- _SUPPLIED MATERIAL_
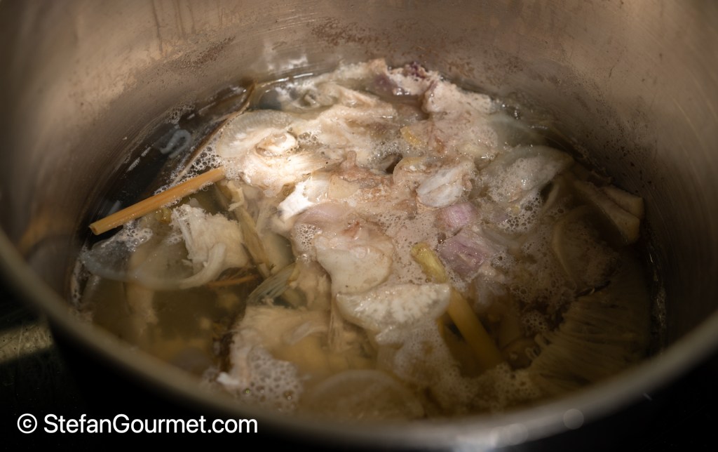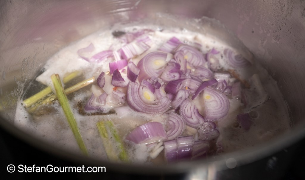 After removing the scum, add the lemongrass, shallots, cilantro roots, garlic, and daikon.
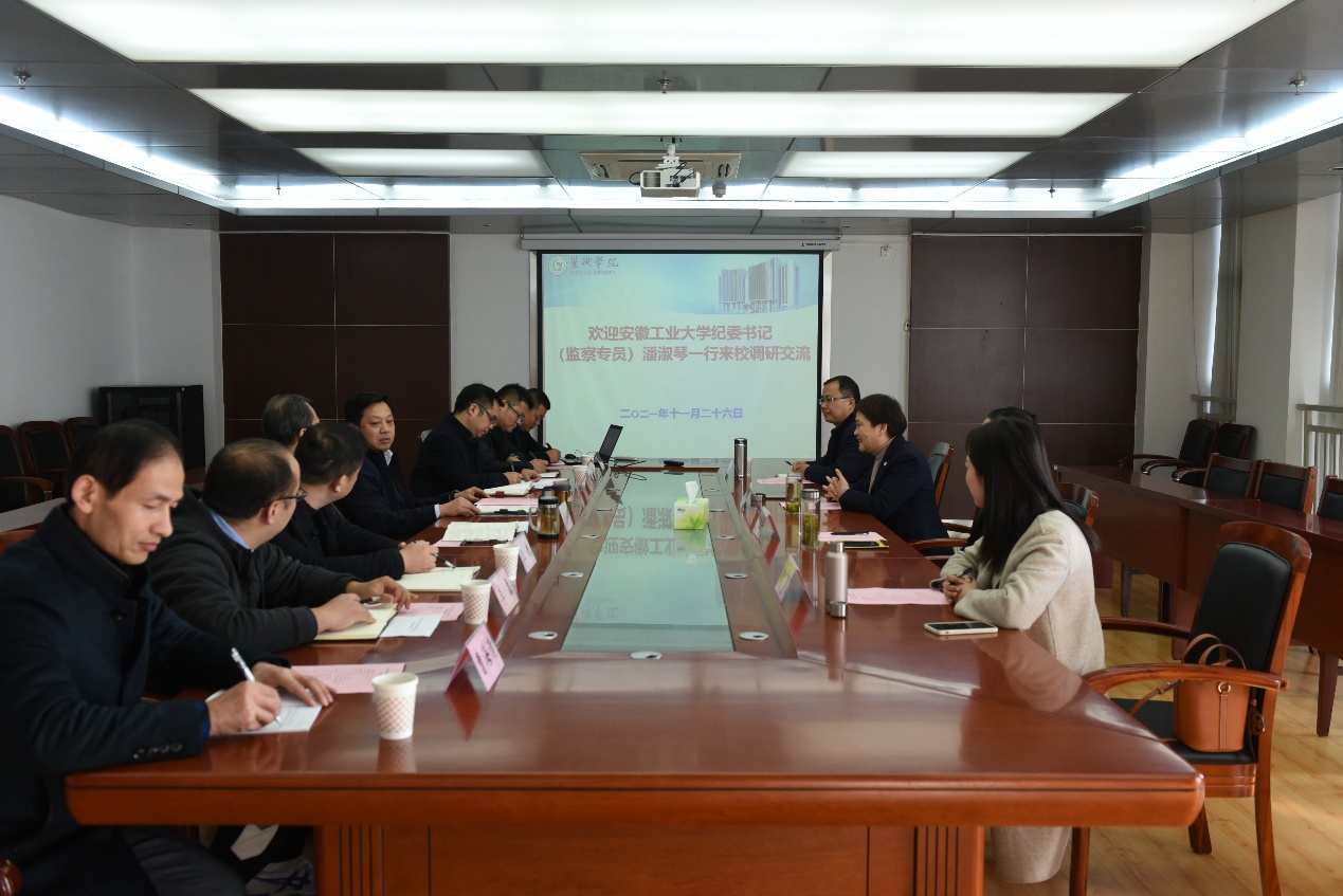 11月26日上午,安徽工业大学党委常委、纪委书记、监察专员潘淑琴、纪委办主任叶凤华、纪委办副主任杨卫兵、监督检查科副科长徐蕊一行4人来校调研纪检监察和校内巡察工作。校党委书记周峰会见了潘淑琴一行。校纪委书记、监察专员路顺主持调研座谈会。纪委办主任刘洪涛、党委巡察办主任陈海波、纪委办副主任汪泰及有关人员参会。
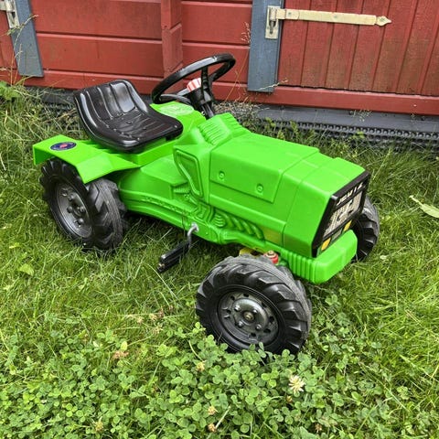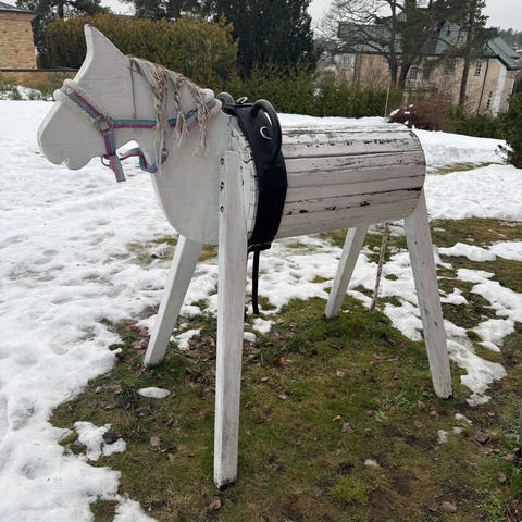 Äldre trampcykel i form av travhäst med sulky. Fungerar utmärkt.
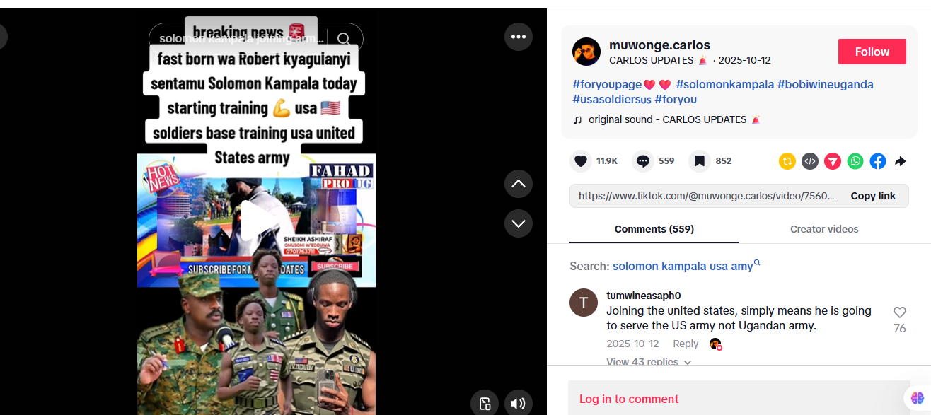 One of the posts, published on 12 October 2025 by TikTok user @muwonge.carlos, shows a photo of Solomon Kampala in what appears to be a U.S. Army uniform, followed by a separate video clip of him running.
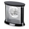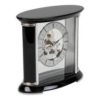 The clock has Roman numerals and black spade-style hands. It’s designed to be placed on a mantel or shelf.
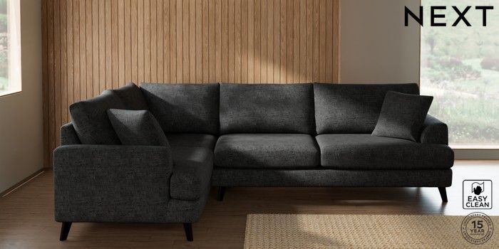 7.2.10 Buy Parker Large Corner Sofa - Left Hand Boucle Weave Easy Clean Charcoal Grey Low Retro Tapered - Dark from the Next UK online shop Click here to use our accessible website
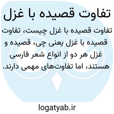 قصیده و غزل هر دو از انواع شعر فارسی هستند، اما تفاوتهای مهمی دارند. قصیده شعری است بلند که معمولاً برای مدح یا مذمت سروده میشود و در آن غالباً یک موضوع واحد به صورت گسترده شرح داده میشود. غزل شعری کوتاهتر است که به بیان احساسات عاشقانه، عارفانه یا اندیشههای شخصی میپردازد و ساختار آن معمولا شامل مصراعهای کوتاه و قافیههای مشخص است.
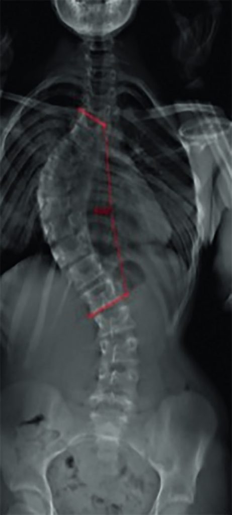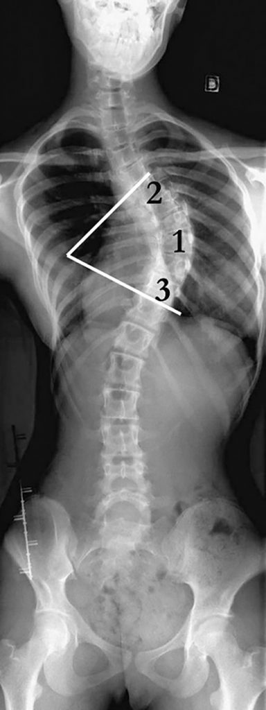 Scoliose thoracique idiopathique à convexité droite dont les vertèbres sommet sont les vertèbres T4 et L1. L’angle de Cobb, ici mesuré en 2D, quantifie la scoliose.

- _YOUR OBJECTIVE_
Your task is to reproduce exactly the lines from the one with "7.2.10 Buy Parker" to the end of the material, both included, with the pictures left out.

- _WRITTEN ANSWER_
 7.2.10 Buy Parker Large Corner Sofa - Left Hand Boucle Weave Easy Clean Charcoal Grey Low Retro Tapered - Dark from the Next UK online shop Click here to use our accessible website
 قصیده و غزل هر دو از انواع شعر فارسی هستند، اما تفاوتهای مهمی دارند. قصیده شعری است بلند که معمولاً برای مدح یا مذمت سروده میشود و در آن غالباً یک موضوع واحد به صورت گسترده شرح داده میشود. غزل شعری کوتاهتر است که به بیان احساسات عاشقانه، عارفانه یا اندیشههای شخصی میپردازد و ساختار آن معمولا شامل مصراعهای کوتاه و قافیههای مشخص است.
 Scoliose thoracique idiopathique à convexité droite dont les vertèbres sommet sont les vertèbres T4 et L1. L’angle de Cobb, ici mesuré en 2D, quantifie la scoliose.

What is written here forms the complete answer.